Study Guide: Growing Up Into Kingdom Adulthood

Sunday September 13, 2009 | Greg Boyd

Focus Scripture:

Brief Summary:

Jesus was frustrating to most people who asked him theological questions. When the Sadducees challenged him, Jesus set them straight on the resurrection, the role of women, and gave a few hints about heaven, none of which they wanted to hear.

Extended Summary:

Jesus was frustrating to most people who asked him theological questions. Rather than answer the specific question being asked in a straight forward manner, Jesus usually redirected the conversation toward something more important. As we have seen, when the Pharisee’s asked about paying taxes or not, Jesus redirected people to reflect on what it means to give to each what is owed, to Caesar what is Caesar’s and to God what is God’s.

This time, it is the Sadducees who have a challenge for Jesus. They posed their question in the form of a puzzle. The details of the puzzle tell us much about the interests of the Sadducees. This group of Jewish teachers did not believe in the resurrection or the reality of angels.

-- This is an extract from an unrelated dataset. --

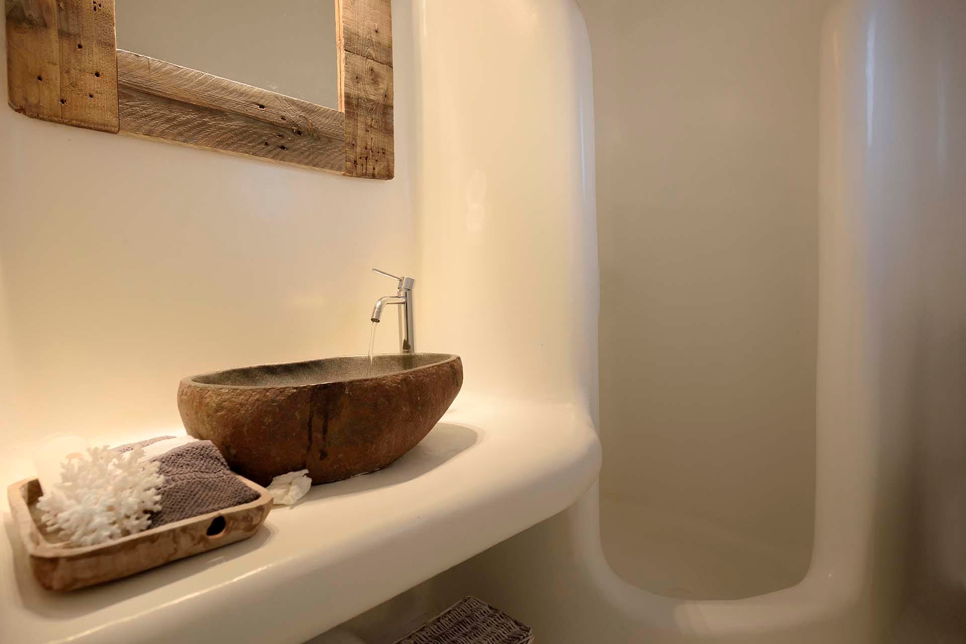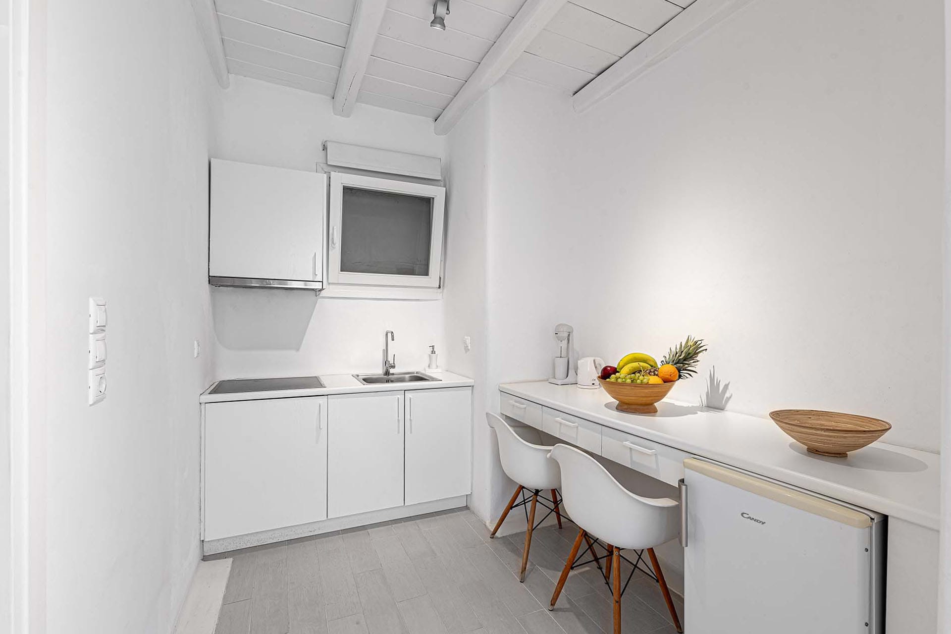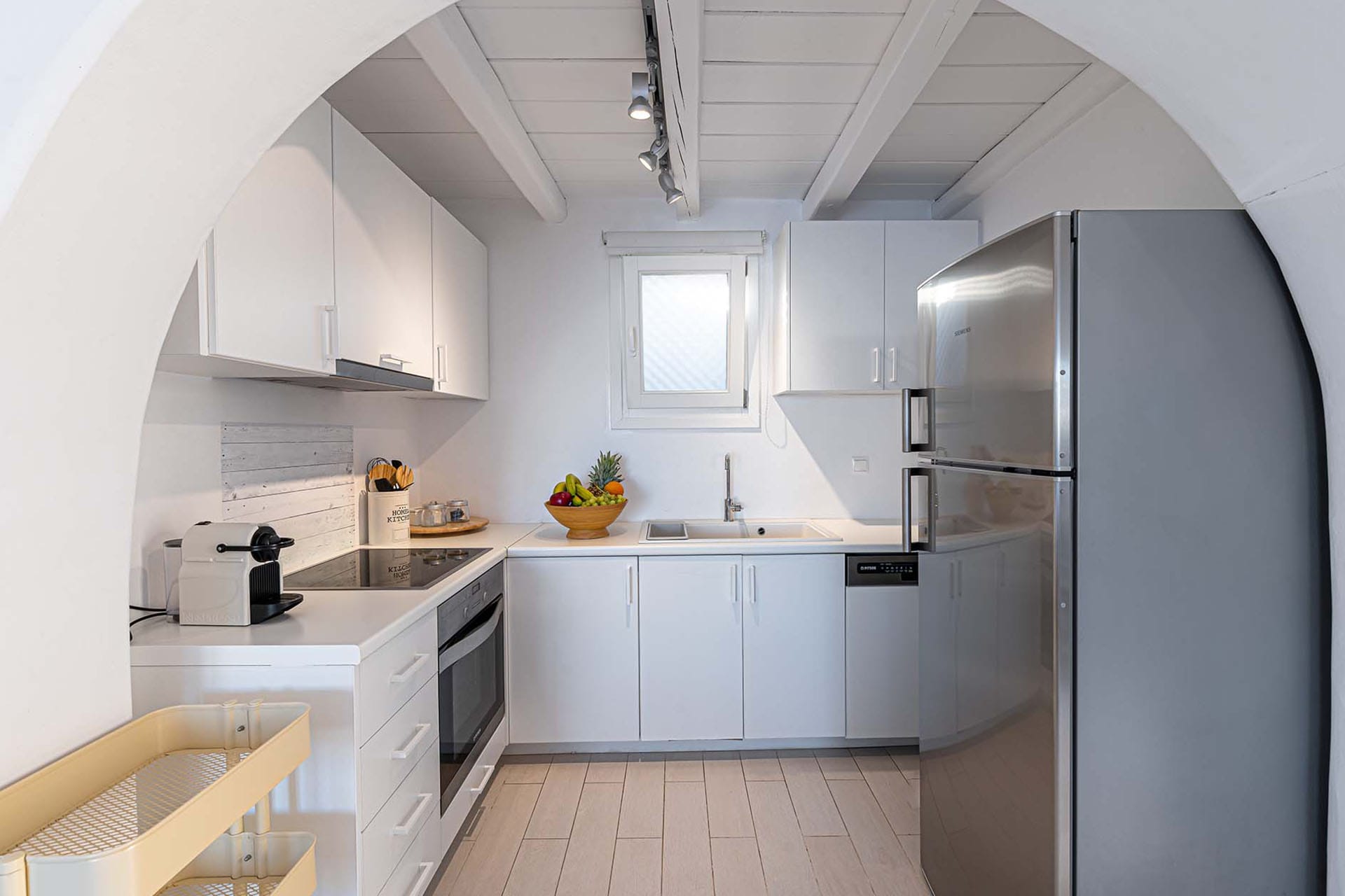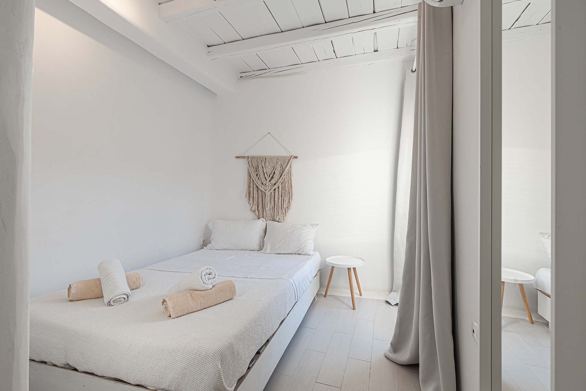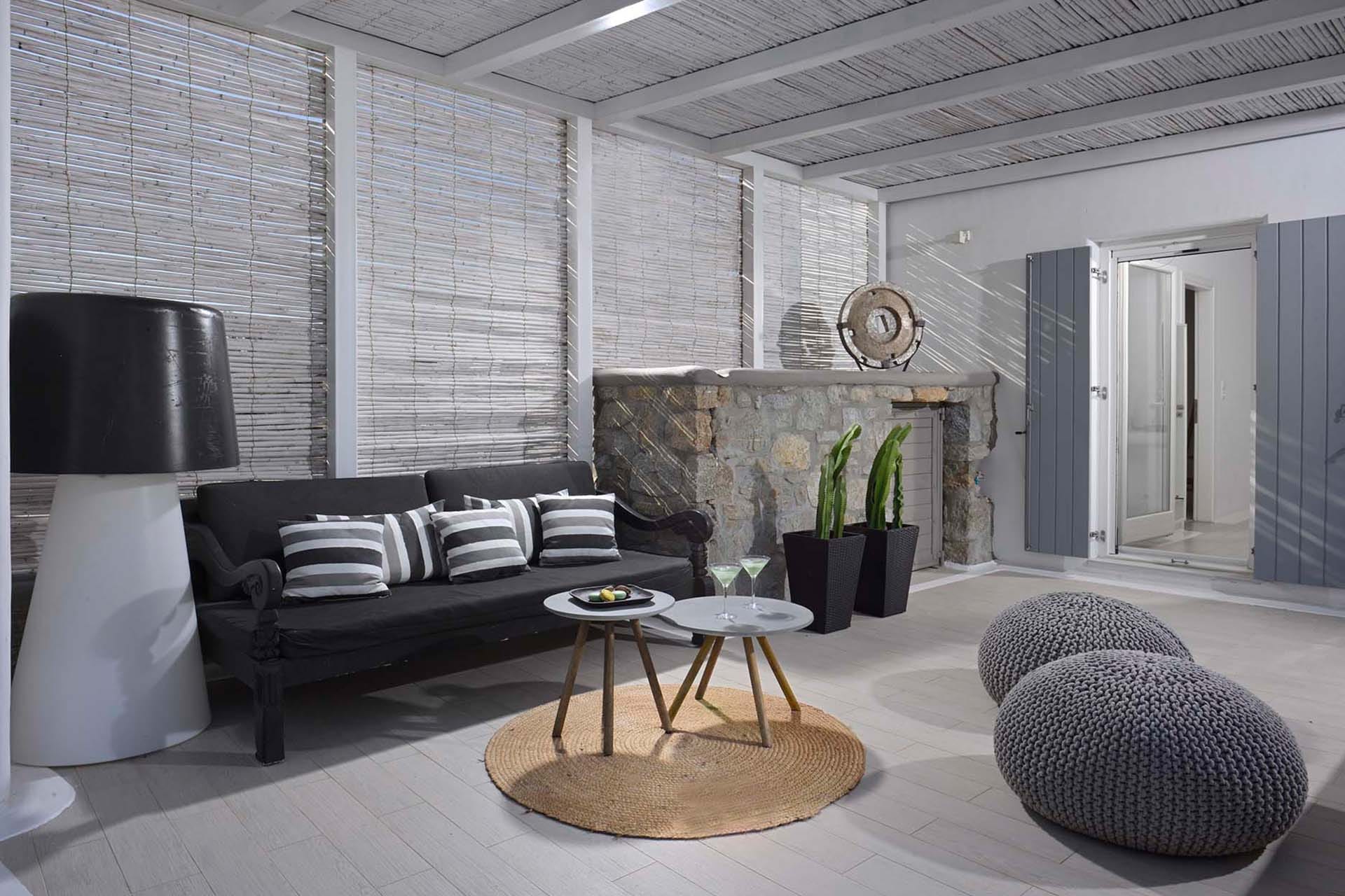 Aeneas is a wind-sheltered villa in Kanalia for up to 6 guests, with wide Aegean views reaching towards Mykonos Town. It’s well placed—about 4.8 km from town and a 5-minute drive to Korfos Beach. Outdoors, a private terrace wraps around a saltwater pool, with umbrella-shaded loungers, a pergola, and a wood-fired BBQ with alfresco dining for long meals. Indoors stays calm and Cycladic-inspired in neutral tones, with beamed ceilings, an open-plan living/dining area and a fully equipped kitchen. Sleeping includes two en-suite queen bedrooms in the main house plus a separate guesthouse double for extra privacy, and there’s also a gym. Baby equipment is available.

Here’s what was going on with their puzzle: They didn’t believe in the resurrection, but they did believe that passing on the family names of Jewish men was extremely important. This is a very different way of thinking about “eternal life” than what is usually understood by that phrase today. The essential element is that the man’s name must be passed down to his son and so on. So, the role of a woman in this scheme is that of wife and child-bearer, not just any child, but specifically a son. So, they wanted to get Jesus to stumble over the question of to whom someone would be married “in heaven” (which they didn’t really believe in) if they had multiple spouses while on earth.

Jesus answered that there will be no marriage in heaven but those who are in heaven will be like angels. He referred to those in heaven as “children of the resurrection”. In this response Jesus makes it clear that relationships in heaven will work very differently than they do here on earth. He went on to refer to Moses’ (because it was Moses the Sadducees were quoting about marriage laws) understanding of God as being the God of those who are alive here on earth now, but also the God of all who have died but are alive in heaven.

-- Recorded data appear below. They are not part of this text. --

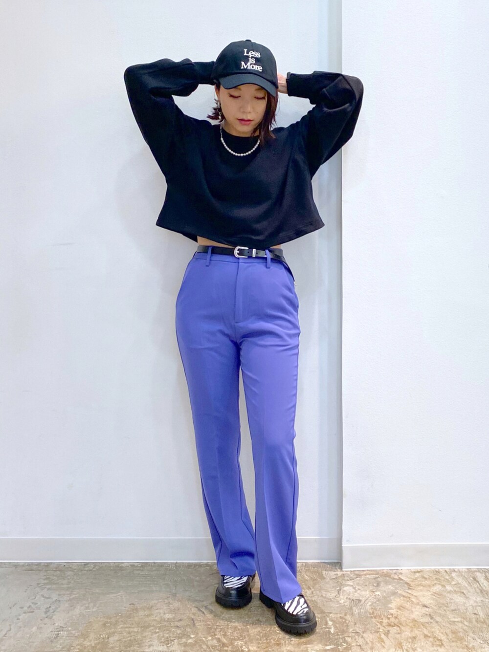 たまに全身LIMでストリートに着たくなりました◡̈* ブラック×パープルは大人カジュアル見えしますね ずっと人気なカラーパンツもトレンドのショート丈で一気に新鮮に STAFF BOARD▶︎Chisa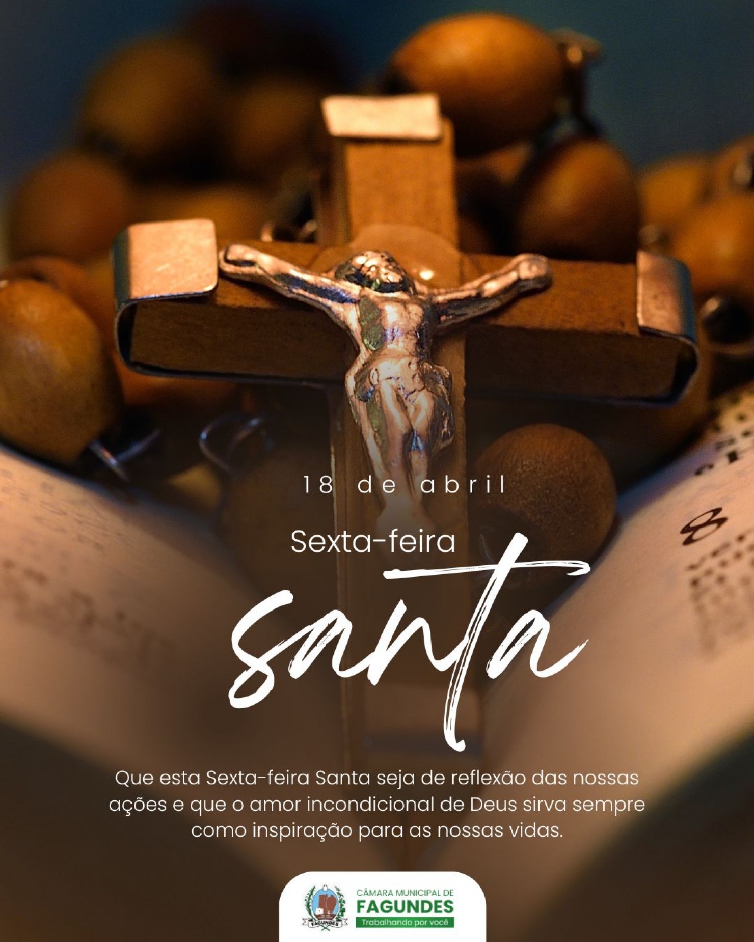 Nesta Sexta-feira Santa, a Câmara Municipal de Fagundes, convida a população a refletir sobre os ensinamentos de Cristo: amor, humildade, perdão e entrega.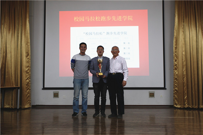 我院体育教学部在会议结束时还特别举行了“2018耿丹校园马拉松颁奖典礼”,国际商学院以第一名的成绩荣获“校园马拉松”跑步先进学院,丁晓良常务副院长为其颁发奖杯,鼓励先进。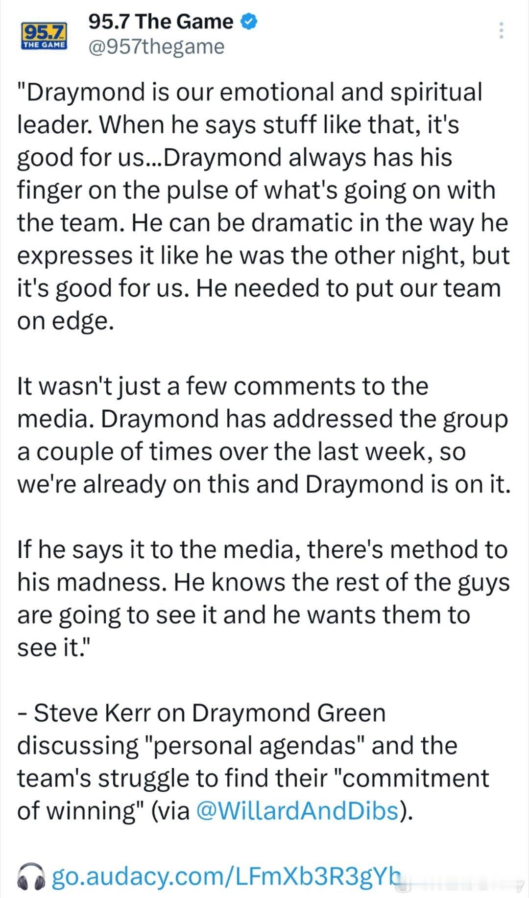 科尔在电台节目中为追梦关于“个人私心和团队目标”的言论解释:“追梦是我们的情感和精神领袖,他说出那种话时,对我们是有益的……追梦总能掌握球队的动向,他表达方式有时会夸张点,就像前几天那样,但这对我们是有好处的,他需要让球队保持警觉。”“过去一周,他已经在内部和队友谈过几次,我们已经在关注这个问题,追梦也在关注。如果他把话说给媒体听,那肯定是有目的的。他知道其他队友会看到这些,他就是希望他们看到。”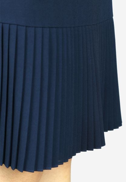 Đầm 1 lớp tay cộc vải mango tím than dáng xuông chân xếp li dập
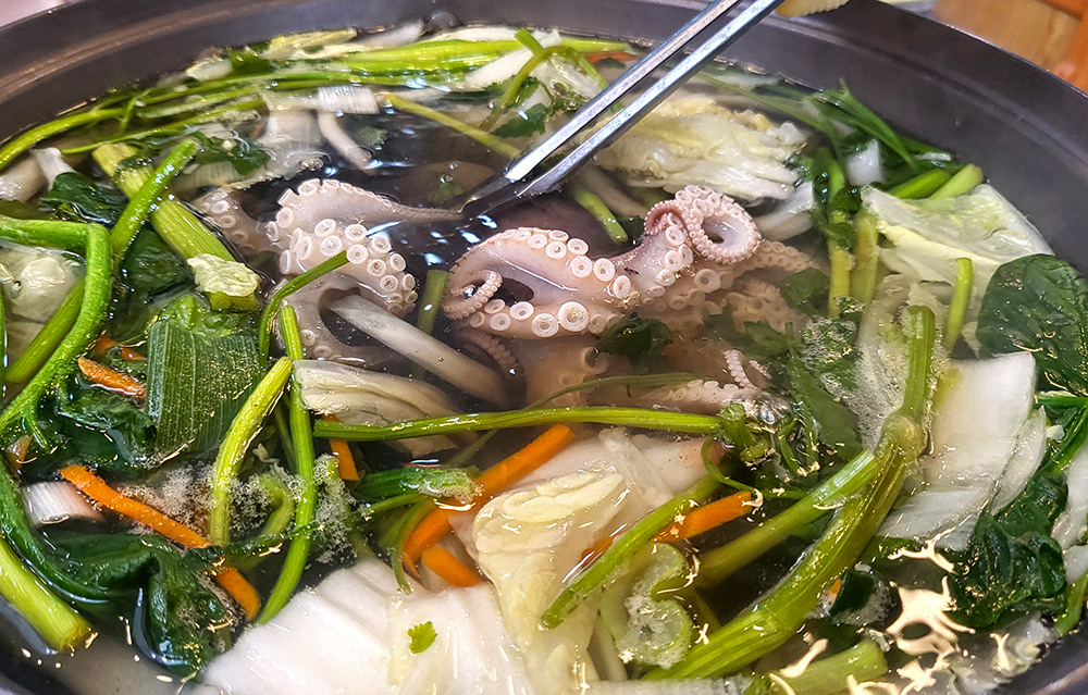 얼마후 쭈꾸미가 잘 익혀졌습니다. 맛있게 익혀진 쭈구미를 가위로 잘라서 먹으면 됩니다. 근데 머리를 살짝 잘라보니 흰 알갱이 뭉치가 나옵니다. 소위 '쌀밥'이라고 하는 '쭈꾸미 알'입니다. 제철 쭈꾸미에서만 맛볼 수 있습니다. 부드럽고 쫄깃쫄깃한 쭈구미를 맛있게 먹었습니다. 담백하고 뜨근한 샤브샤브 국물은 쌀쌀한 날씨를 잊게 만듭니다.

In saying these things, Jesus confronted the views of the Sadducees in several ways and showed that their question was wrong-headed and based on the assumption that heaven (if it existed) would be just like earth only permanent. Among the assumptions confronted are: family lines are what is ultimately important, this is clearly denied since there will be no recognition of this in heaven. The idea of there being no resurrection was confronted by quoting Moses, who had authority for the Sadducees. The restrictive understanding of the role of women as son-bearers social pawns was confronted.

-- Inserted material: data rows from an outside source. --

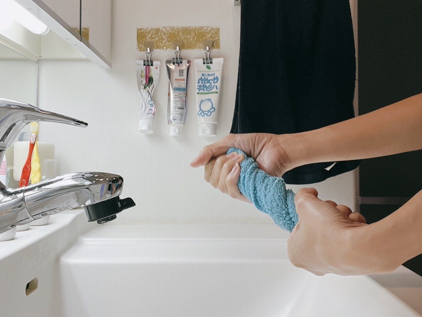 タオルは毎日使います。洗顔をする時や歯磨きをする時、1日に数枚タオルを使うこともあると思います。そのタオルを洗濯機に入れる前に、鏡を拭いてみて下さい。タオルもある程度湿っている状態ですので、歯磨き粉の飛び散りなども拭き取れます。毎日の習慣にすることで、頑固な水垢汚れを防ぐことができます。家族にもタオルで「ついで掃除」を共有することで、常にキレイをキープしていきましょう。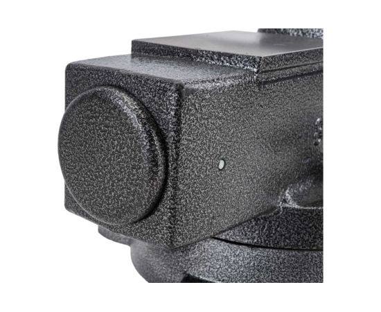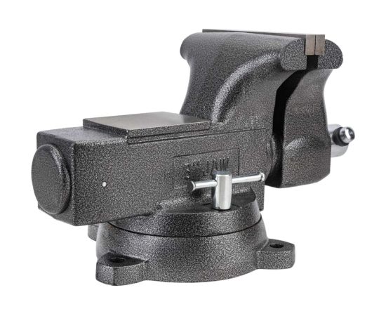 5.Тиски с поворотным механизмом на 360°. Прижимной механизм выполнен в виде 2-х прижимных пластин и 2-х усиленных прижимных винтов.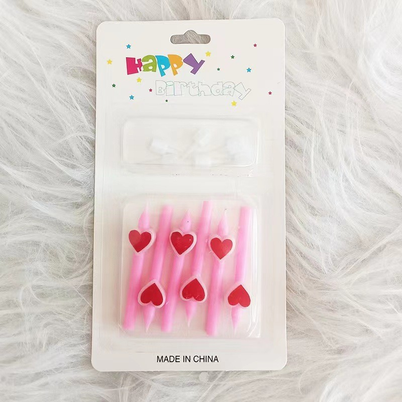 Set de 6 Lumânări cu Inimioare Roz - Happy Birthday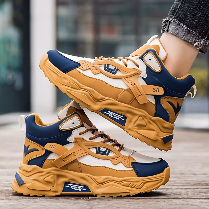 Men's High-Top Casual Sneakers - White & Blue Accents, PU Upper & EVA Cushioned Sole, All-Season Outdoor Hiking Shoes with Breathable Fabric Lining, Lace-Up Ankle Support for Urban Streetwear & Daily Wear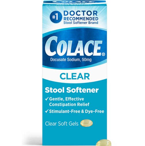 Colace® Clear soft gels work differently than harsh laxatives by increasing the water in your stool so it’s softer and therefore easier to go to the bathroom. Colace Clear is stimulant free with no cramping, straining, or harsh side effectives & its clear soft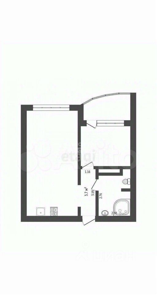 Общая площадь квартиры 43,4квм,
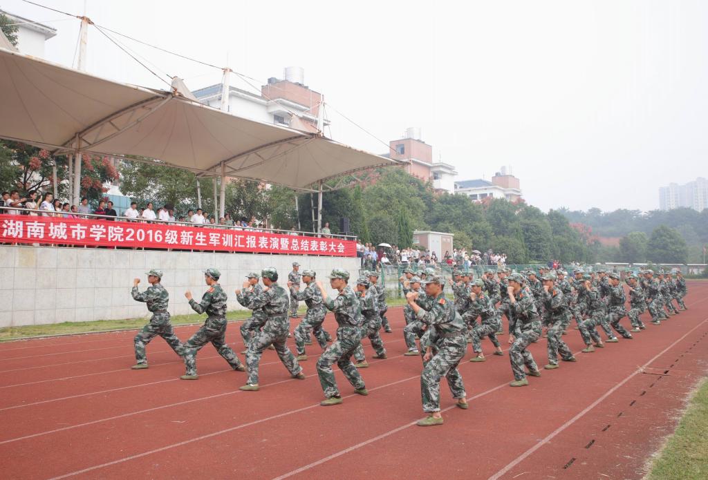 汇报表演结束后,副校长谭献良代表学校作军训总结讲话。他指出,今年学校军训工作有四大特点:一是各级领导高度重视和悉心指导;二是机关处室、二级学院与教官工作积极主动,高度负责;三是全体参训同学,文明上进,不怕苦、不怕累;四是国防教育和入学教育完美结合。

Greg went on to show how we all often fall into the same sort of assumptions about heaven than the Sadducees did. We wonder or even worry about who will be there, our family? Friends? Pets? What will we look like? What age? What condition? Then he pointed us to some important passages to help us get away from these sorts of questions. Read through all of the key scriptures before continuing on to the questions below.

Reflection Questions:

  1. What stood out to you most from this message and the supporting texts?
  2. A large part of Greg’s sermon was based on Paul’s words in 1 Cor. 13. How does the comparison of childhood to adulthood in this passage apply to the larger conversation about Sadducees and questions about heaven?
  3. If we are in the position of children with regard to our questions and concerns about heaven, how much can we reasonably know about what heaven will be like? What can we know for sure? What details are unavailable at this point?
  4. Greg spent some time showing how this passage contained some “good news” for women during that time. What was that good news? How would that apply today?
  5. As citizens of heaven living here on earth, we are called to live out the new reality even though we find ourselves in the old. The good news for women discussed above also applies to other people who find themselves corralled into predefined roles that society puts us in. How does being a citizen of heaven, a child of the coming king, change the way we think about ourselves and live in this world? What freedom and good news is present in these texts for all of us?